四海縦横 发表于 2012-11-1 15:38 
既然是4级阅读题,为什么没有问题呢?
问题
正经英译本及四级题在这里。。是英译版本的。。。不是我译的。。。晕忘记了
Below is an English version of "Jeff's Drilling Factory" (2010) by this year's Nuobei'er Prize winner for literature, Chinese author Ian Mo. It is translated from the original Chinese by an anonymous translator whose name is shown at the top of this post. Read the passage carefully and answer the following 9 multiple-choice questions (1 pt. each).
Jeff's Drilling Factory
by Ian Mo
'Twas a cold night when the two sisters, Jane and May, went out of their igloo to relieve themselves. Jane was fast, but the younger one, May, was shy and dragging.
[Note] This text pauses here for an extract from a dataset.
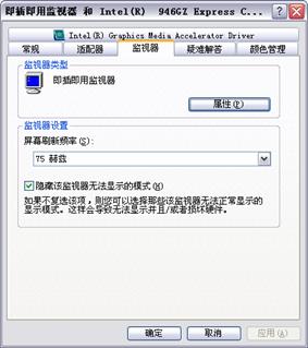 当系统的最高的刷新频率没有超出70HZ,需检查Windows XP是否正确识别出了显示器的具体型号;未识别的,可重新安装显示器的驱动程序。 |

She peed like for a century until the hellish northern wind almost froze her ass off.
Then, she pulled her pants up and asked Jane if there was any secret in peeing so fast.
"Thanks to Jeff's drilling." Jane answered with a sarcastic grin.
May went to Jeff, who had married Jane three years ago and worked in a factory that makes drills for ice fishing, and said to him: "I pee slowly, you drill me, quickly!"
Jeff pretended to be embarrassed and replied with a dirty smile: "You see, it's not as easy as it may sound. It's not the usual factory work, but almost like a private workshop that I've done with your sister. So, I guess I'll have to charge you 20 bucks for this kind of drilling, if you know what I mean."
"No 20 bucks, only 18 bucks. I beg you, you drill me, quickly!" said May who seriously only had 18 bucks and slipped all of her money into Jeff's pocket in a hurry.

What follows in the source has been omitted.